Welcome to the third and final blog post in our marathon series. You've already got our five top tips, you're clued up on nutrition, and now your body's ready, but it's your mind you've got to convince. For a dose of inspiration, we've pulled together some of our top tips, and asked the runners who know the struggle and how to overcome it all too well.
Take five minutes before your race to collect your thoughts, review your race plan, and use your motivation to remind yourself why you're there. You've already done the hard work and earned your medal. It's time to pick it up.
Work the crowd. They're there to cheer you on, so having your name clearly printed or attached to your top can give you a huge boost. Hell, pretend you're famous when everyone's shouting your name.

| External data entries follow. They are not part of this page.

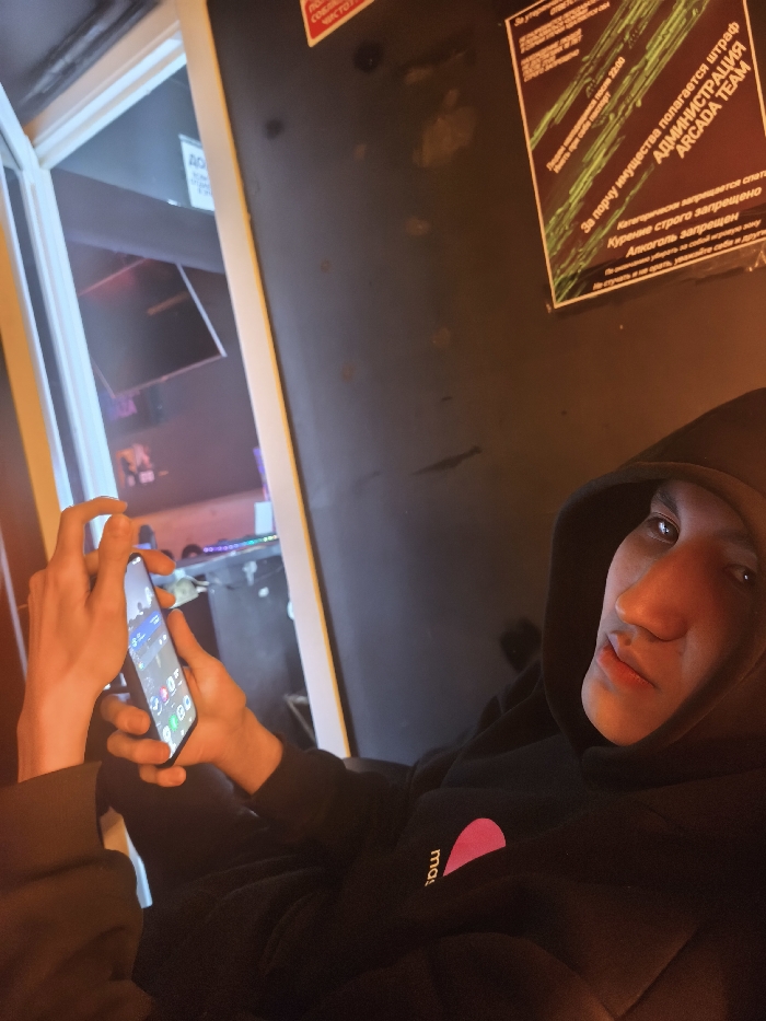 A person wearing a black hoodie uses a smartphone. The backdrop features a dimly lit room with a doorway or window showing another space. A dark wall has two posters attached. One poster prohibits certain actions like smoking and alcohol consumption, and mentions fines for property damage and "Arcada Team." Some of the text in the posters are difficult to read.
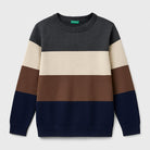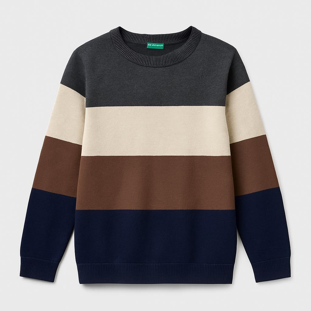 Questo delizioso maglione a righe per bambini è perfetto per le giornate fresche! Realizzato in un morbido tessuto, offre comfort e calore. Le tonalità di grigio, beige e blu scuro creano un abbinamento elegante e giocoso. Il design a maniche lunghe e il colletto arrotondato garantiscono una vestibilità comoda e rilassata, ideale per avventure in outdoor o semplici momenti di svago. Nonostante sia un capo usato, si presenta in ottime condizioni, pronto per essere indossato da un piccolo esploratore! Un'aggiunta versatile e stilosa per il guardaroba autunnale!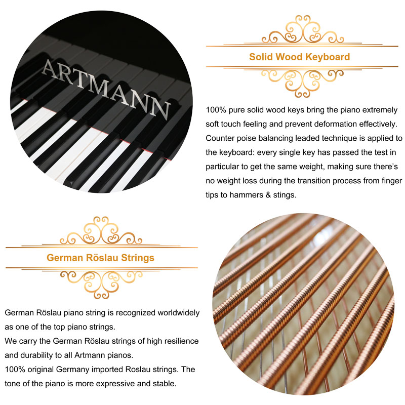 With exquisite design and high quality raw material, Artmann GP-160 has won widely welcome by not only plenty of homes, but also big amount of music schools and conservatories. It’s a piano that can be enjoyed by everyone at anytime.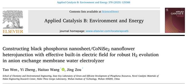 “催化与固废协同创新团队”在催化和能源领域国际权威期刊《Applied Catalysis B: Environment and Energy》(影响因子:20.3,中科院一区TOP,DOI:10.1016/j.apcatb.2025.125588)在线发表了题为“Constructing black phosphorus nanosheet/CoNiSe2 nanoflower heterojunction with effective built-in electric field for robust H2 evolution in anion exchange membrane water electrolyzer”研究论文。cos成人

Look up, around, and embrace the atmosphere and the amazing city you're running through. When we look down at the ground we tend to internalise and it's easier to focus on the negatives.
If you're zoning out, hitting a wall, or need something to focus on, rather than having music in the background, sing along to every lyric (in your head...or out loud...). Loose yourself in the music.

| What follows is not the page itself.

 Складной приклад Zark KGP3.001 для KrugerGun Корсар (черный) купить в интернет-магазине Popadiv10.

It's all about your language. Make sure your inner voice has your back, because how you talk to yourself will affect how you feel. Rather than highlighting anxieties and thinking things like 'I hope I don't peak too early, I hope I hit my time', reframe them and think about feeling confident, relaxed and enjoying the day. Did you wake up nervous? No, you woke up excited...you've got this.
ASICS front runner and Tribe ambassador | @escapingthecity
Split your race into manageable chunks. Mentally it's so much easier to focus on getting to the end of the next 5 miles (and the next 5 after that...) rather than thinking of the actual total distance to the finish.
Nike Run Club Pacer | @murraylaura
Photo credit: Will Patrick.
Stay calm and believe in your hard work and your recovery in the run up. Believing YOU CAN makes that finish line come quicker.
I don't think about the whole distance. Take each mile as it comes, and just tick them off one by one. Focusing on the mile in hand has been key to my training this year, and it's definitely what's going to help me get through the marathon on the day!
Dedicate each mile (or at least the last 6) to someone you know!
Runner, explorer and full-time city lawyer | @lucy_fitness | lucyfitness.com
When training's been tough I've been repeating "I can and I am". Believing I can run the distance and setting off with a positive mindset, remembering how lucky I am to be running London is really exciting.
Freelance writer, runner, cyclist and founder of Queen Of The Mile | www.queenofthemile.com | @queenofthe_mile
It's really important not to go into a marathon with specific expectations. I did this on my first marathon by chasing a time that, in hindsight, was well beyond my reach. Rather than relaxing and just acknowledging my sense of achievement for even finishing the course, I just felt disappointed. The trick is to not put any pressure on yourself, chill out and just keep putting one foot in front of the other. The last time I did that, I got a PB!
Ultra marathon runner and endurance athlete | www.adventureferg.com | @adventureferg
I find counting up or down from 50 or 100 with each breath helps focus my mind, and splits the race down into lots of little chunks. I find this really useful - by the time you've done this a couple of times, you'll nearly have done a kilometre, and so on.
Charlie Brown, LDN Brunch Club
A club for running, working out and brunching across London | www.ldnbrunchclub.co.uk | @ldnbrunchclub
Think of the race as the celebration of all your hard work. After weeks and weeks of training, race day is the time to fully appreciate and revel in the journey that you've taken to get to that start line. Let the crowd's cheers spur you on and go and grab that medal that you most certainly deserve.